My contributions to Norma's Red Scarf Project. From the left:
QuasiPseudoNeoNoro (say it, it's fun!)
Yarn: Plymouth Boku (95% wool, 5% nylon; 99 yds/skein), 2 skeins each of colors 6 and 11. This yarn is clearly a copy of Noro Silk Garden, minus the VM and some of the silk; it is also about $6/skein vs. $8/skein for the Noro :) It made a good substitute in my mind. The scarf is lightweight but squishy and warm. I was afraid it might be too scratchy to be comfortable, but it isn't. I wet-blocked it using Eucalan in the soak water which probably helped.
Pattern: Just like the Noro scarf. 1x1 ribbing, slip the first stitch of each row purlwise, alternate skeins every 2 rows.
Knitting this was positively addictive; I wanted to know how the colors would play out. I kept thinking I would need to break the yarn and take out lengths that didn't contrast enough, but that proved not to be necessary. Even when the colors of the two skeins were very close, the subtle differences still created discernible stripes.

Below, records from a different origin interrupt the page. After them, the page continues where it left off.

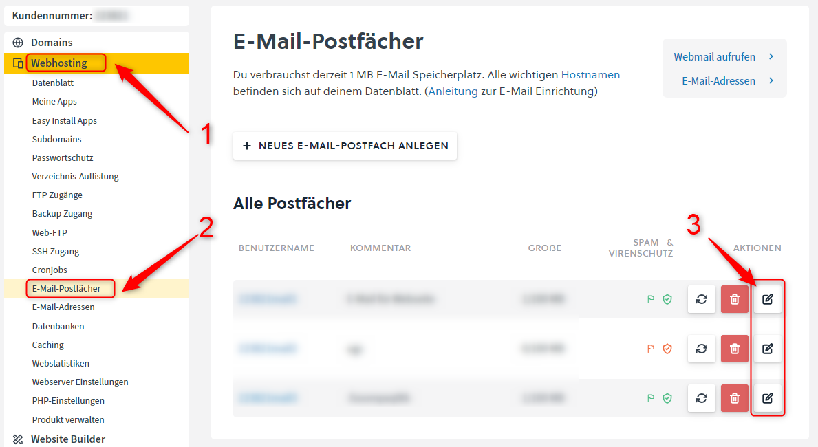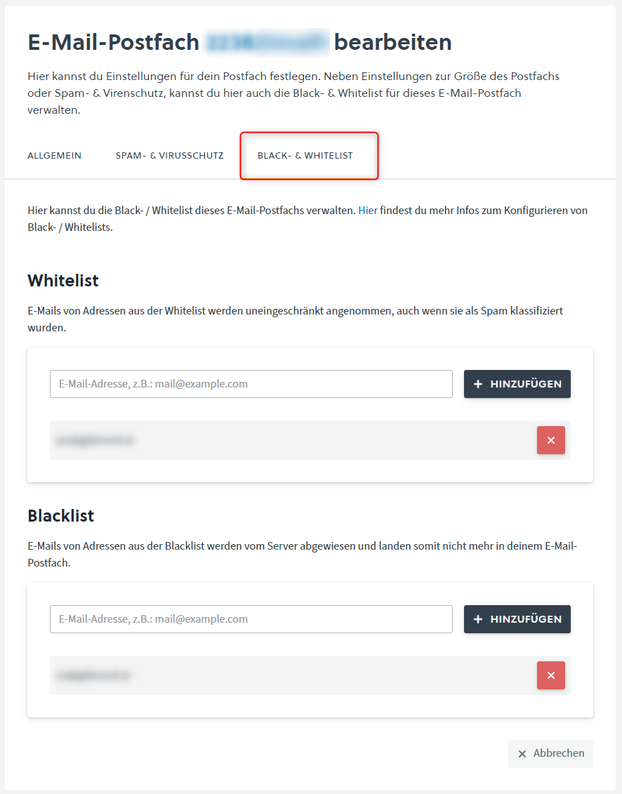 Once you have reached the mailbox management, you will now find the Black- and Whitelist tab at the top.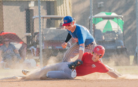 Crestview’s Ayden Lichtensteiger applies the tag to a Delphos Jefferson baserunner during Monday night’s game between the two teams. The Knights improved to 4-6 by cruising to a convincing 10-1 win over the Wildcats. Crestview is scheduled to finish the season Friday at home against Van Wert. Photo by Wyatt Richardson/Van Wert independent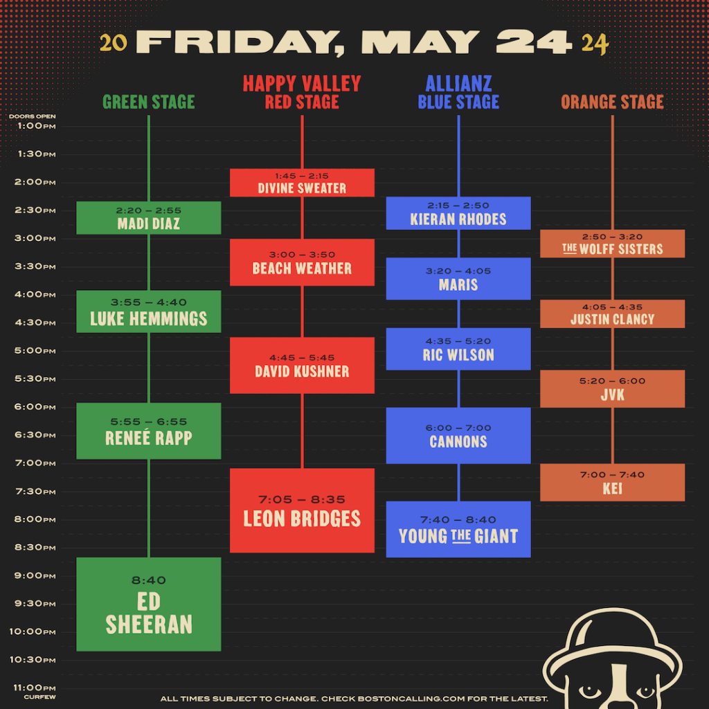 The day starts off today, Friday, with a set by Divine Sweater on the Red Stage. The day also continues with artists like Luke Hemmings, Renee Rapp, Young the Giant, Leon Bridges, and is headlined by Ed Sheeran.

Needles: KnitPicks Options, US#7.
Chocolate-covered Cherries
Yarn: A hodgepodge. The purpley red is the leftover alpaca from the scarf on the right, plus another skein of KnitPicks Andean Silk in the Sangria colorway (which turned out to be exactly the same shade as the leftover alpaca, but solid with a slight silky gleam instead of woolly and a bit heathery). The brown is 85 yards of Skacel Adagio (70% baby llama, 30% silk; 110ys/50gr per skein). The ivory is Rowan Kid Classic (70% lambswool/26% kid mohair/4% nylon), color 828; I still have most of the 153yd/50gr skein left.
This scarf is meltingly soft.
Pattern: Garter stitch, knit lengthwise. Cast on 270 st, leaving a tail of the approximate length that you want the fringe to be. Break yarn, ditto. Knit every row, leaving the fringe-length tail at beginning and end of every row. Change colors as it suits you. Bind-off with Elizabeth Zimmerman's sewn cast off. I made the brown stripes 3 rows wide so as to have a garter ridge on each side and to eliminate any possibility of the scarf having a wrong or right side. The white stripes are just one row. The purpley-red ones are at least three rows.
The scarf isn't quite finished; I need to neaten up the ends and trim the fringe. MaƱana.
Needles: KnitPicks Options, US#7.
Ribbed and Striped Alpaca
Yarn: Filatura Lanarota Puno (100% alpaca, 100 yds/50gr), colorway 1526, most of three balls.
I bought this yarn last year at Smiley's Yarns internet sale ($2.99/skein), intending it for the RSP, but a proper scarf really would have required another ball; I didn't figure that out soon enough. So the yarn sat -- and sat -- until I bought some other yarn for the stripes: KnitPicks Andean Silk (55% superfine alpaca, 23% silk, 22% merino wool; 96yds/50gr per skein), one ball each of Navy and Hyacinth, plus a bit from a second ball of Hyacinth. This scarf is also sinfully cuddly.
Pattern: Standard scarf, 2x2 rib; slip the first stitch of each row purlwise. Narrower stripes are 4 rows each; wider ones are... wider.
Needles: KnitPicks Options, US#7.
The Orphan Foundation folks say they want unisex scarves so I tried to make these as non-gender-specific as possible. I may have succeeded a bit too well -- the one on the left is definitely masculine. I'm pretty sure the OFA folks will have no problem with that.
Now to gather some other goodies to go into the packages with them. Starbucks cards and chocolate, natch. The hodgepodge scarf reminds me of chocolate-covered cherries, but those are difficult to find in local stores. I shall persevere, though. Matching the chocolate to the scarf is key.